R package for Post-2010 Census U.S. gazetteer data

NOTE: This is a large package (more than 50 MB) and will never be submitted to CRAN due to its size. But you can use drat to install it. See the installation section below.


Introduction

This package allows you to access gazetteer data released by the U.S. census bureau. This package is supplementary to the excellent tigris and the acs packages to work with U.S. census data.

Installation

Release version

This package will never be available on CRAN, but you can use drat package to install/upgrade it like any normal CRAN package.

if(!require(drat)) {
    install.packages('drat')
}

drat::addRepo('bhaskarvk') # Also add this to your $HOME/.Rprofile file.

#After this install it like any other R package.
install.packages('usgazetteer')

Development version

Stright from github using ‘devtools’.

if(!require(devtools)) {
  install.packages("devtools")
}
devtools::install_git('bhaskarvk/usgazetteer')

Data Provided

For now there is one data.frame ‘state.areas.2010’ and 6 lists (one for each year) …

  • gazetteer.2016
  • gazetteer.2015
  • gazetteer.2014
  • gazetteer.2013
  • gazetteer.2012
  • gazetteer.2010

The state.areas.2010 data.frame consists of state level gazetteer data from 2010 U.S. census. This data is consolidated from multiple sources, due to the fact that census bureau doesn’t supply it in a single file.

The state.areas.2010 is built from these sources

Although the state.areas.2010 is from 2010, this data should be fairly stable and not change (much).

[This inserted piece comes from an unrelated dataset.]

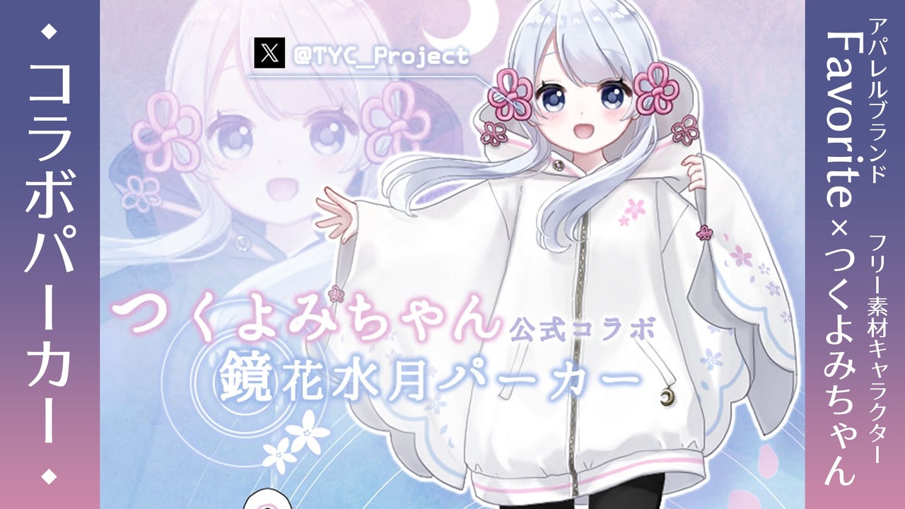 ついにつくよみちゃんにも企業案件が……!?<br>アパレルブランドFavorite様より、つくよみちゃん公式コラボ「鏡花水月パーカー」登場! <br><br><span style="font-size: 18px;"><strong>■つくよみちゃん公式サイト内 特設ページ<br>⇒ <a href="https://tyc.rei-yumesaki.net/news/20241004-favorite/" target="_blank" rel="noopener nofollow">https://tyc.rei-yumesaki.net/news/20241004-favorite/</a><br><br>■Favorite様 商品ページ【予約受付中】<br>⇒ <a href="https://favorite-one.co.jp/view/item/000000018116" target="_blank" rel="noopener nofollow">https://favorite-one.co.jp/view/item/000000018116</a></strong></span><br><br>2024年10月4日18時より、予約受付スタート!<br>約1か月以内に予約数が基準を超えれば発売決定、予約数が少ない場合は生産中止となります。<br><br>★追記:おかげさまで、予約受付開始から4日で生産が確定しました! ありがとうございます!<br><br>パーカーのデザイン及び着用イメージイラストは、「つくよみちゃんプロジェクト」企画者・夢前黎の監修のもとで、Favorite様に制作していただきました!<br><br>***<br><br>■つくよみちゃん公式サイトTOP<br>⇒ <a href="https://tyc.rei-yumesaki.net/" target="_blank" rel="noopener nofollow">https://tyc.rei-yumesaki.net/</a><br><br>■つくよみちゃん公式Xアカウント(旧Twitter)<br>⇒ <a href="https://x.com/TYC_Project" target="_blank" rel="noopener nofollow">https://x.com/TYC_Project</a><br><br>■動画内音声:A.I.VOICE2 つくよみちゃん<br>⇒ <a href="https://tyc.rei-yumesaki.net/work/software/aivoice/" target="_blank" rel="noopener nofollow">https://tyc.rei-yumesaki.net/work/software/aivoice/</a><br><br>■BGM:『フリー素材キャラクターつくよみちゃん(Off Vocal)』<br>⇒ <a href="https://tyc.rei-yumesaki.net/material/music/fmct/" target="_blank" rel="noopener nofollow">https://tyc.rei-yumesaki.net/material/music/fmct/</a><br><br>■立ち絵素材:つくよみちゃん万能ミニキャラ素材(きばやし様)<br>⇒ <a href="https://tyc.rei-yumesaki.net/material/illust/" target="_blank" rel="noopener nofollow">https://tyc.rei-yumesaki.net/material/illust/</a><br><br>■運営・キャラクター原案・公式CV:夢前黎<br><br>■<a href="https://www.nicovideo.jp/mylist/18309714" target="_blank" rel="noopener">mylist/18309714</a><br /><br>※当アカウントの動画は、<a href="https://blog.nicovideo.jp/niconews/ni004137.html" target="_blank" rel="noopener nofollow">https://blog.nicovideo.jp/niconews/ni004137.html</a> のガイドラインに準じて投稿させていただいております。

Each of the ’gazetteer.*’ list is a list of data.frames, one data.frame for one type of gazetteer data. The names of types of gazetteer data each list contains can be queried by

library(usgazetteer)
names(gazetteer.2016)
##  [1] "115th Congressional Districts"                                                               
##  [2] "American Indian Reservations, Statistical Areas, and Alaska Native Village Statistical Areas"
##  [3] "Census Tracts"                                                                               
##  [4] "Core Based Statistical Areas"                                                                
##  [5] "Counties"                                                                                    
##  [6] "County Subdivisions"                                                                         
##  [7] "Current American Indian, Alaska Native, and Hawaiian Home Lands Legal and Statistical Areas" 
##  [8] "Current American Indian  Off-Reservation Trust Lands"                                        
##  [9] "Current Hawaiian Home Lands"                                                                 
## [10] "Places"                                                                                      
## [11] "School Districts - Elementary"                                                               
## [12] "School Districts - Secondary"                                                                
## [13] "School Districts - Unified"                                                                  
## [14] "State Legislative Districts - Lower Chamber"                                                 
## [15] "State Legislative Districts - Upper Chamber"                                                 
## [16] "Urban Areas"                                                                                 
## [17] "ZIP Code Tabulation Areas"


Individual data.frames can be access by their respective names.

library(usgazetteer)
counties.2016 <- gazetteer.2016$Counties
dplyr::glimpse(counties.2016)
## Observations: 3,220
## Variables: 12
## $ USPS        <chr> "AL", "AL", "AL", "AL", "AL", "AL", "AL", "AL", "A...
## $ GEOID       <chr> "01001", "01003", "01005", "01007", "01009", "0101...
## $ ANSICODE    <chr> "00161526", "00161527", "00161528", "00161529", "0...
## $ NAME        <chr> "Autauga County", "Baldwin County", "Barbour Count...
## $ ALAND       <dbl> 1539609015, 4117584019, 2291818680, 1612481559, 16...
## $ AWATER      <dbl> 25749942, 1133130502, 50864677, 9287974, 15077458,...
## $ ALAND_SQMI  <dbl> 594.446, 1589.808, 884.876, 622.583, 644.807, 622....
## $ AWATER_SQMI <dbl> 9.942, 437.504, 19.639, 3.586, 5.821, 2.338, 1.053...
## $ INTPTLAT    <dbl> 32.53224, 30.65922, 31.87025, 33.01589, 33.97736, ...
## $ INTPTLONG   <dbl> -86.64644, -87.74607, -85.40510, -87.12715, -86.56...
## $ ATOTAL      <dbl> 1565358957, 5250714521, 2342683357, 1621769533, 16...
## $ ATOTAL_SQMI <dbl> 604.388, 2027.312, 904.515, 626.169, 650.628, 625....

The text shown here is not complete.